A goécia europeia, a convocação de demônios, é uma prática associada a Quimbanda, mas pelos métodos da Quimbanda, e é importante compreender isso! Significa que você não encontrará os métodos da goécia tradicional na Quimbanda; mas que você convocará os demônios da goécia tradicional pela arte e ciência da Quimbanda.


Na Quimbanda o espírito assistente não se trata de um anjo de Deus, mas de um ancestral, o Exu tutelar, que trabalha para o Diabo, o Chefe Império Maioral. É através do Exu, de seu poder e autoridade espiritual, que os demônios das quadraturas mágicas de o Livro da Magia Sagrada de Abramelin, o Mago são convocados, assim como todos os demônios tradicionais já associados ao Povo de Exu, àqueles do Grimorium Verum e o Grand Grimoire.

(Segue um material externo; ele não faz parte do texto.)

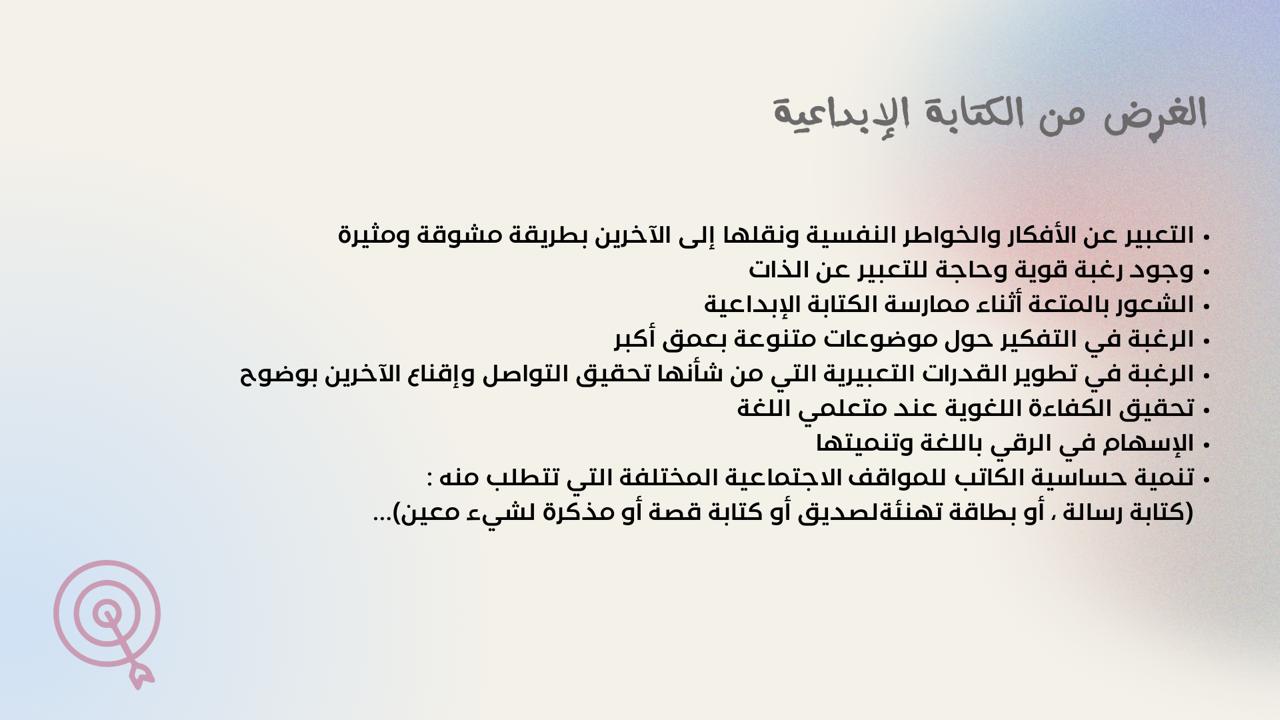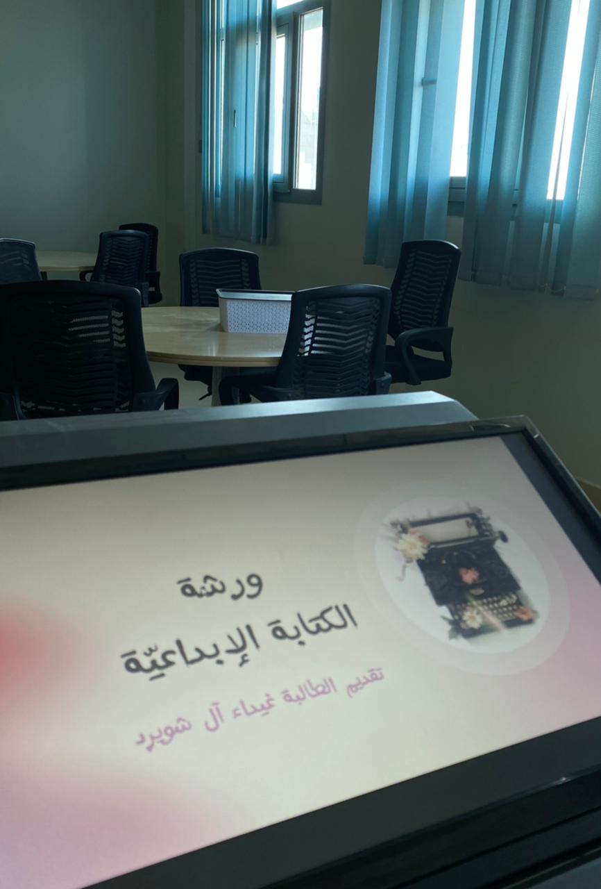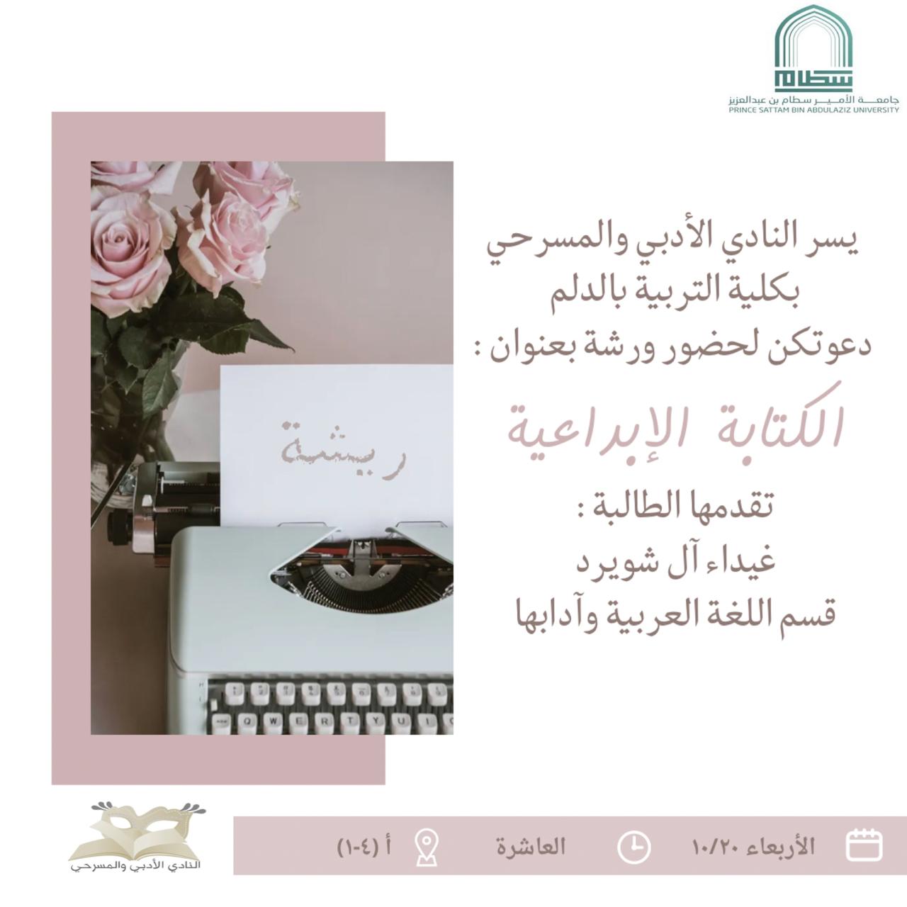 أقيمت ورشة الكتابة الإبداعية المقدمة من النادي الأدبي والمسرحي بكلية التربية بالدلم في يوم الأربعاء الموافق ١٤٤٤/١٠/٢٠ ، حيث قدمتها الطالبة غيداء بندر آل شويرد من قسم اللغة العربية وآدابها ، وكان الهدف منها تقديم فن الكتابة الإبداعية لطالبات الكلية ، والتعرف على ( مفهومها / أغراضها /خصائصها / مهاراتها / عناصرها …) بالإضافة إلى عرض بعض أقوال الكتّاب العرب والغرب عن الكتابة وختمت الورشة بجانب تطبيقي للكتابة الإبداعية من قبل الحاضرات ، وقدِم لهن قناة "ريشة" مجتمع للكاتبات المبدعات في الكليّة.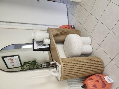 A: The console table weighs 43.34 pounds, making it sturdy yet manageable to move.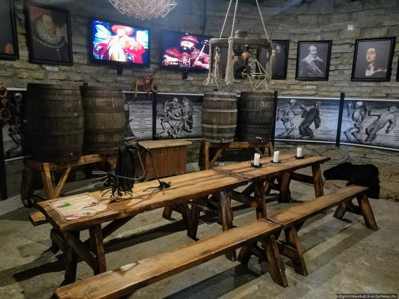 Начинается все с подвала, с доисторический времен. Там рассказывают кто жил в этих местах, когда времени еще не было. Потом идет орденский период с копьями, щитами, средневековыми нравами эпохи раннего христианства.
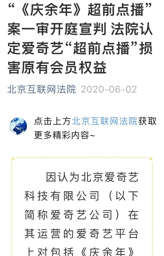 超前点播本身是合法的。2020年法院在《庆余年》超前点播案中已做出终审判决,认为超前点播是“商业模式的探索,本身不违反法律规定”。这一表态被多个视频平台当作超前点播的正当性依据广泛传播,堵了消费者的嘴。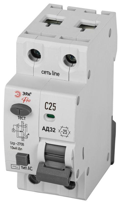- Выключатель автоматический дифференциального тока 1P+N C 25А 10мА тип AC защита 230В АВДТ 4.5кА PRO D32E2C25AC10P АД32 электронное Эра Б0057362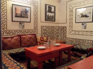 Les couples s’installent dans un cadre intime tandis que les grands groupes profitent d’un lieu où ils peuvent s’entendre dans le confort du salon marocain. Le fondateur et chef, d’origine mauritanienne, vous accueille avec sa joie-de-vivre réchauffant l’ambiance pour la soirée.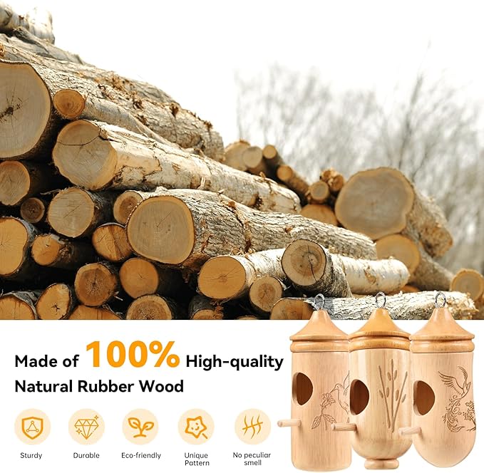 - ✅【Natural High Quality Rubber Wood】Made from premium rubber wood, our hummingbird house provides a warm and breathable home for hummingbirds, which they naturally love. Its environmentally friendly and durable properties ensure its long lifespan, while the beautiful wood grain adds a timeless charm to your garden, making it the perfect choice for attracting these lovely birds.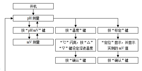 (1) 打開電源開關(guān),儀器進入pH測量狀態(tài);按“pH\mV”鍵,使儀器進入mV測量即可。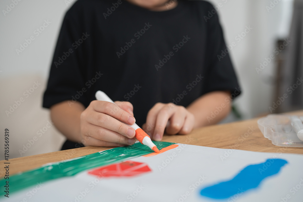 Child Engaged in Creative Art Activity with Colorful Markers and Paper at Home in Bright and Inviting Environment #1785569319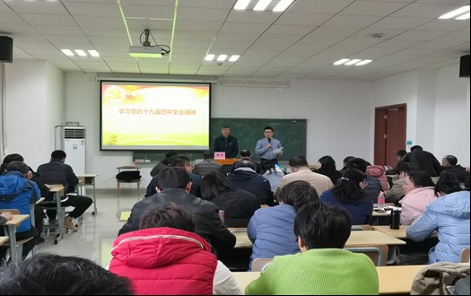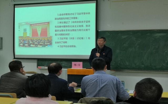 12月20日,jdb电子游戏官方网站在电气楼301召开全体教职员工会议,陈信书记作为学校十九大四中全会精神的宣讲团的一员专题做精神宣讲,学院党委书记吕小亮主持会议。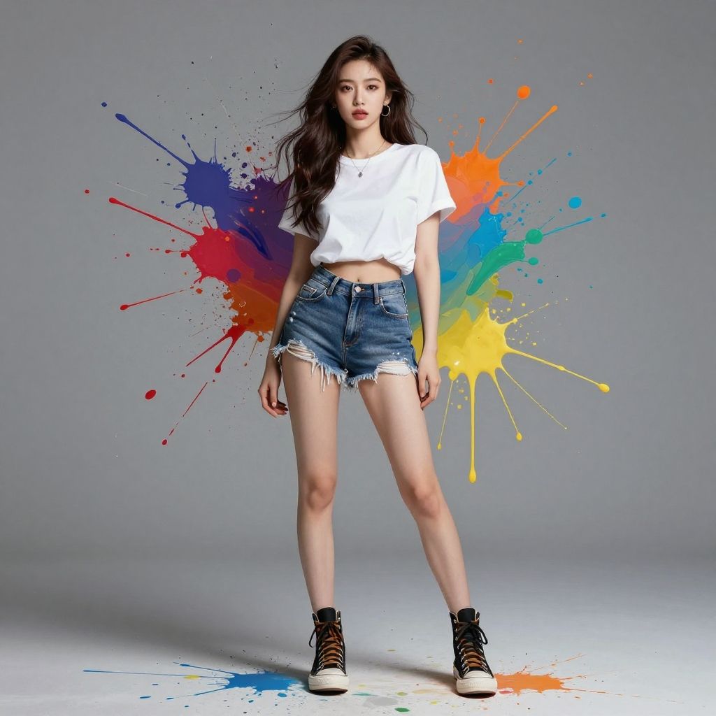Masterpiece, best quality, ultra-detailed, 1girl, colorful, full body, paint splatter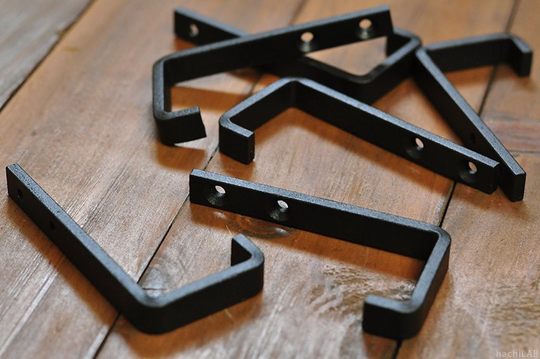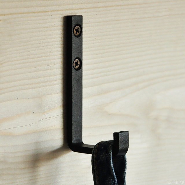 四角い鉄棒を曲げて作ったシンプルな壁掛けL型フック金具。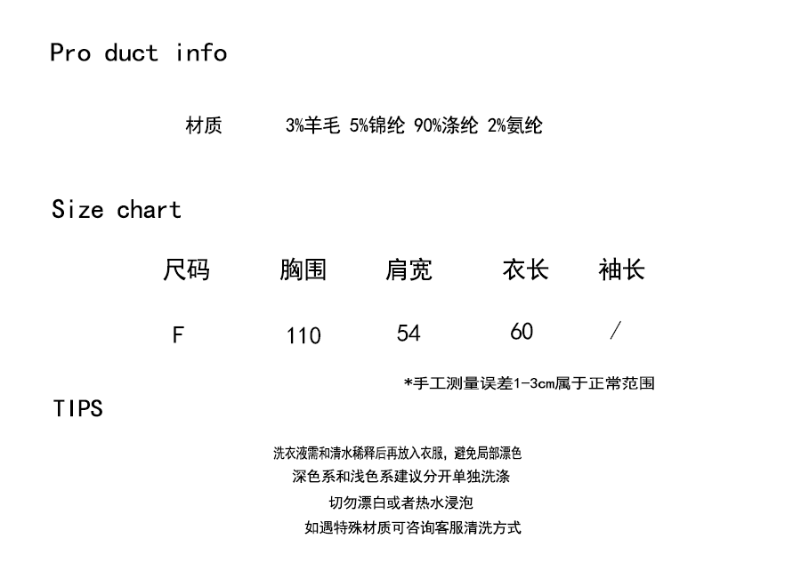 | 材質成分 | 聚對苯二甲酸乙二酯(滌綸)90% 聚醯胺纖維(錦綸)5% 羊毛3% 聚氨酯彈性纖維(氨綸)2% |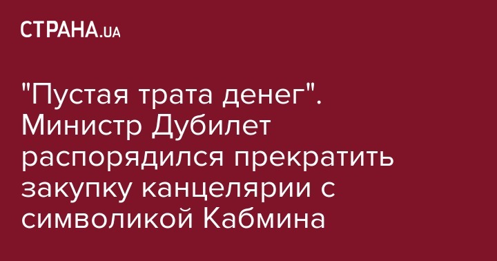 Министр Кабинета министров Дмитрий Дубилет поручил прекратить закупку секретариатом правительства канцелярских предметов с символикой Кабмина. Об этом он сообщил на своей странице в Instagram.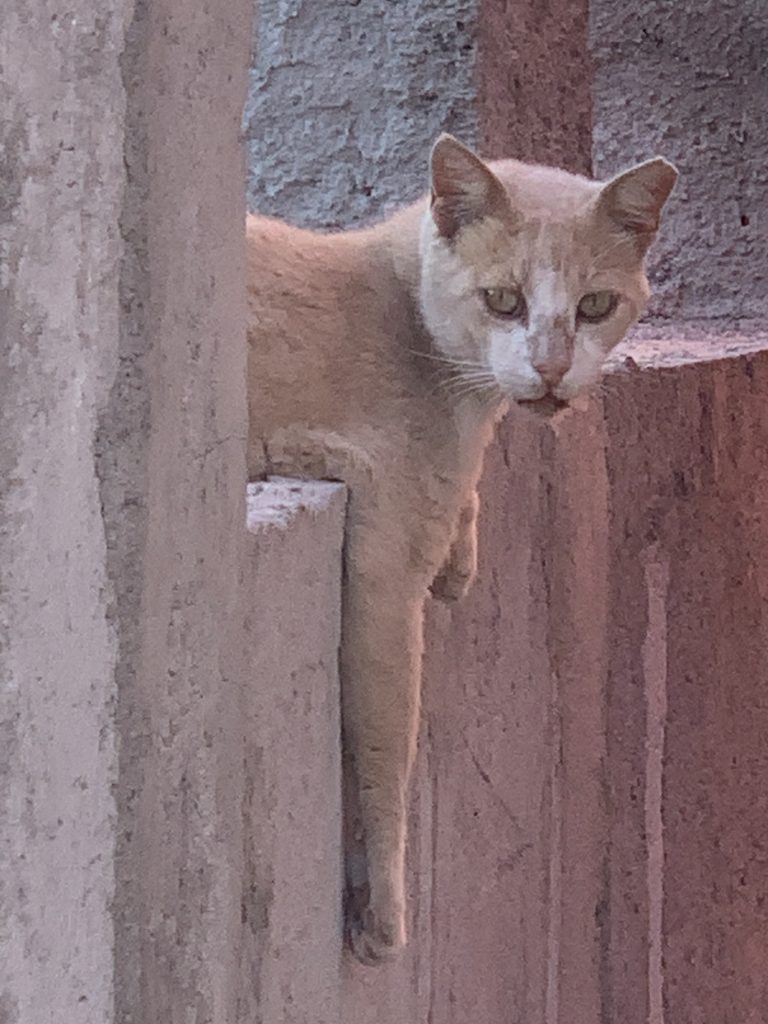 If only I’d had my camera! I couldn’t get close enough with an iPhone but at least there is a shot. You can see on this cat’s face that life on this island isn’t easy. One millimetre forward and this cat might have scarpered. The way his closest legs appears so limp and weightless, works well against the line of that hard wall, while the tonality seems to have both components melting into one another. The sorrowful, mistrustful expression, the soft palette and the sadness, melted my heart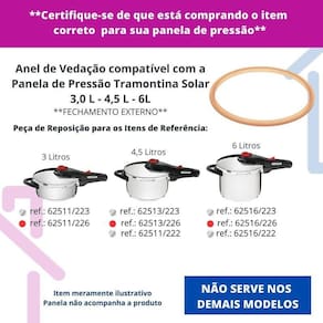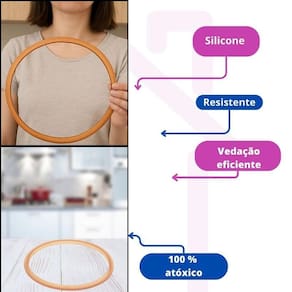Anel de vedação de silicone compatível para panelas tramontina solar - modelos novos detalhes vermelhos 3l, 4,5l e 6l Nosso empenho é procurar o que há de mais atual e funcional no mundo culinário e para organização da sua casa, priorizando sempre a qualidade e a versatilidade dos produtos. Tenha sempre em mãos a borracha de silicone para panelas adequada ao modelo da sua panela, garantindo a vedação perfeita e a segurança no preparo das suas receitas. Produzido em silicone 100% atóxico, não resseca, mantém a durabilidade e melhora o desempenho da panela. Compatibilidade linha solar - 3 litros - ref.: 62511 / 223 / 226 - 4,5 litros - ref.: 62513 / 222 / 223 / 226 - 6 litros - ref.: 62516 / 222 / 223 / 226 Atenção: não serve para modelos antigos detalhes amarelo . Não serve para os demais modelos da mesma marca Características técnicas - material: silicone 100% atóxico - diâmetro externo: 24 cm - diâmetro interno: 22 cm - produto da marca guamantec - alta qualidade Benefícios - vedação completa e segura da panela - aumenta a vida útil da sua panela - mantém o cozimento mais eficiente Conteúdo da embalagem 1 anel de vedação de silicone compatível com a panela tramontina solar Marca: Não Informado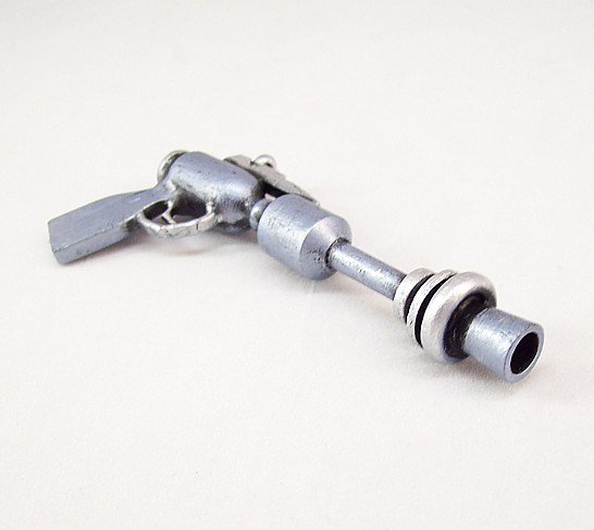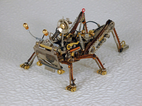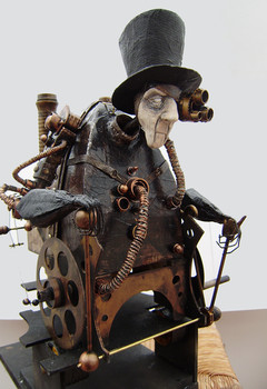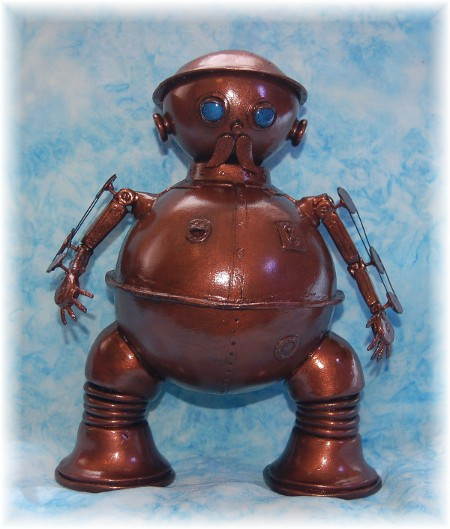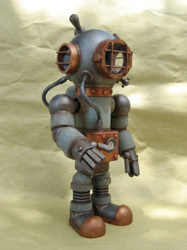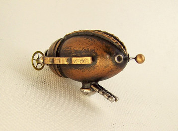 Two small nostrils above the dome allow for the intake of dry air to be mixed with the internal watery environment. The poweful, jaw like hand grabber below has a very long arm, along with six fingers and two thunbs (why on Earth would you need ten digits between two hands? Humans...). Connected to this is a strong spot light. Sensors abound inside this marvel of ichthylogical machinery made from spun copper, a supmarine (above water) vehicle taller than a man and ready for action!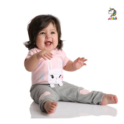 آستین کوتاه دخترانه خرگوش تکه دوزی برند برگ سبز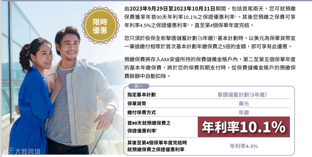 5.安盛:预缴享有90天年化10.1%利率。储蓄5年最高优惠28%,储蓄10年最高优惠31%。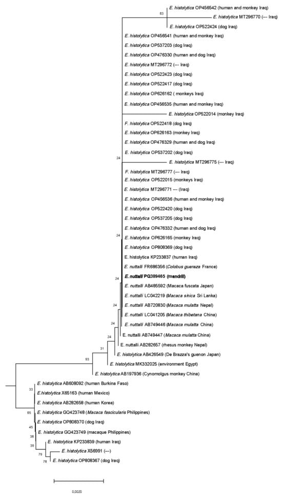The following supporting information can be downloaded at: https://www.mdpi.com/article/10.3390/ani15010090/s1, File S1: Chromatogram obtained after sequencing the PCR amplicon from mandrill samples showing mixed sequences; File S2, Complete list of missidentified Entamoeba nuttalli sequences available I GenBank as of 21 April 2024.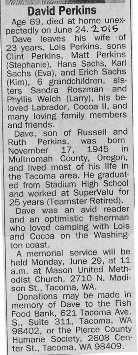 Born Nov 17, 1946, Dave Perkins attended Stadium High School in Tacoma, WA. View the obituary, post a memory, or share a photo about Dave Perkins.

Através dos métodos e autoridade da Quimbanda é possível convocar qualquer critura espiritual além de demônios: os espíritos dos ambientes internos das casas e construções diversas;[5] uma miríade de espíritos da natureza, cultura e folclore de um povo ou região;[6] toda sorte de espíritos dos mortos, fantasmas, kiumbas etc.[7] O renascer da magia moderno trata-se de um retorno da visão daemônica, a consciência mágica de interação com todos os espíritos ao redor do mago.



NOTAS:


[1] O nome original deste ensaio foi Um Mundo Povoado por Espíritos. Ele passou por diversas formatações, assim como todo o livro, em um período de três anos.

[2] Por isso muito da feitiçaria brasileira, inspirada e enriquecida com a tradição da feitiçaria ibérica, sincretiza cristianismo e magia popular, criando tradições como a Umbanda (moderna/pós 1930) e o Catimbó.

[3] Veja Aaron Leitch, Secrets of the Magickal Grimoires. Llewellyn Worldwide, 2005.

[4] Veja Humberto Maggi, Thesaurus Magicus, Vol. III (2015); veja também Goetia: História & Prática (2020). Clube de Autores.

[5] Veja Claude Lecouteux, The Tradition of Household Spirits: Ancestral Lore and Practices. Iner Traditions, 2000.

[6] Veja Claude Lecouteux, Demons and Spirits of the Land: Ancestral Lore and Practices. Iner Traditions, 1995.

[7] Veja Claude Lecouteux, The Return of the Dead: Ghosts, Ancestors, and the Transparent Veil of the Pagan Mind. Iner Traditions, 1996.